_Exercise directions_: Go through the entries below from the first line and transcribe each one exactly, ending with the line that contains "Les contrats de".

_Task input_:
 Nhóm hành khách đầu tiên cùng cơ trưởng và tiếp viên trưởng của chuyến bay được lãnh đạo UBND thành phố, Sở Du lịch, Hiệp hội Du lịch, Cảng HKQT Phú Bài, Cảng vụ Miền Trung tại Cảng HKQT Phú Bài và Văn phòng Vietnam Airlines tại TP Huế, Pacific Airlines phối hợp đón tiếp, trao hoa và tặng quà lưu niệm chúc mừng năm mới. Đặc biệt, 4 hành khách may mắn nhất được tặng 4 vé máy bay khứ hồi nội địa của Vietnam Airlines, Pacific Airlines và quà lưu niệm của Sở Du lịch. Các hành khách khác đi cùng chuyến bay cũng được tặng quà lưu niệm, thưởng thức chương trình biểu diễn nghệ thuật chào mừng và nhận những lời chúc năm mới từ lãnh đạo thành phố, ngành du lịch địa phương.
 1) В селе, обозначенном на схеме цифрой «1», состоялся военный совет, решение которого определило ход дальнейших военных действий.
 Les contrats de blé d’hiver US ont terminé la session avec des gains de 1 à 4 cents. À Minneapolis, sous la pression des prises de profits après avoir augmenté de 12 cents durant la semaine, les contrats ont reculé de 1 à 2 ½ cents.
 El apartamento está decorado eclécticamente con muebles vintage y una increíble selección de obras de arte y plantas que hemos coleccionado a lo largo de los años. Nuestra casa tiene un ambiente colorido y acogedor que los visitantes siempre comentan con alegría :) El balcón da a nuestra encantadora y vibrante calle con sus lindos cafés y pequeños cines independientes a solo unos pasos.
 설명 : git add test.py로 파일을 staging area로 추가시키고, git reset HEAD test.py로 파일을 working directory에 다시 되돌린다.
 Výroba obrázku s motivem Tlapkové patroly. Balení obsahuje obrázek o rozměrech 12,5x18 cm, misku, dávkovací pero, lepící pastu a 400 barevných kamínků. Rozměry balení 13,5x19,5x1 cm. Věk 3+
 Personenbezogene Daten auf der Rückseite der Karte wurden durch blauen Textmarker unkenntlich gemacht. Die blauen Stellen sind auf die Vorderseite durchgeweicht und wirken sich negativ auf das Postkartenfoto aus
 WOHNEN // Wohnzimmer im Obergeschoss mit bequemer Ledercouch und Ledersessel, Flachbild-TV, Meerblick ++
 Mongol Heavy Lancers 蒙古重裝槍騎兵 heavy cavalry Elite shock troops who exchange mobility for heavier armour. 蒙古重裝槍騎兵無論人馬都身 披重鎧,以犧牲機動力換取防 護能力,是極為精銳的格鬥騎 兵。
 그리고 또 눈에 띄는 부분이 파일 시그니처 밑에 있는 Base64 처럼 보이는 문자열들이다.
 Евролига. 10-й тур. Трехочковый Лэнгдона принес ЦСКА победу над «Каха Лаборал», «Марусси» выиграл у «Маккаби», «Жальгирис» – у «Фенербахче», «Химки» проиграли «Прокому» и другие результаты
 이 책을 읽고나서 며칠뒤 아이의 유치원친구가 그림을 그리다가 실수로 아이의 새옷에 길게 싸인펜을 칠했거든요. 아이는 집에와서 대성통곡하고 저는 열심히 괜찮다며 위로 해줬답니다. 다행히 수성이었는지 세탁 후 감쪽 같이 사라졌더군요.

_Result of the exercise_:
 Nhóm hành khách đầu tiên cùng cơ trưởng và tiếp viên trưởng của chuyến bay được lãnh đạo UBND thành phố, Sở Du lịch, Hiệp hội Du lịch, Cảng HKQT Phú Bài, Cảng vụ Miền Trung tại Cảng HKQT Phú Bài và Văn phòng Vietnam Airlines tại TP Huế, Pacific Airlines phối hợp đón tiếp, trao hoa và tặng quà lưu niệm chúc mừng năm mới. Đặc biệt, 4 hành khách may mắn nhất được tặng 4 vé máy bay khứ hồi nội địa của Vietnam Airlines, Pacific Airlines và quà lưu niệm của Sở Du lịch. Các hành khách khác đi cùng chuyến bay cũng được tặng quà lưu niệm, thưởng thức chương trình biểu diễn nghệ thuật chào mừng và nhận những lời chúc năm mới từ lãnh đạo thành phố, ngành du lịch địa phương.
 1) В селе, обозначенном на схеме цифрой «1», состоялся военный совет, решение которого определило ход дальнейших военных действий.
 Les contrats de blé d’hiver US ont terminé la session avec des gains de 1 à 4 cents. À Minneapolis, sous la pression des prises de profits après avoir augmenté de 12 cents durant la semaine, les contrats ont reculé de 1 à 2 ½ cents.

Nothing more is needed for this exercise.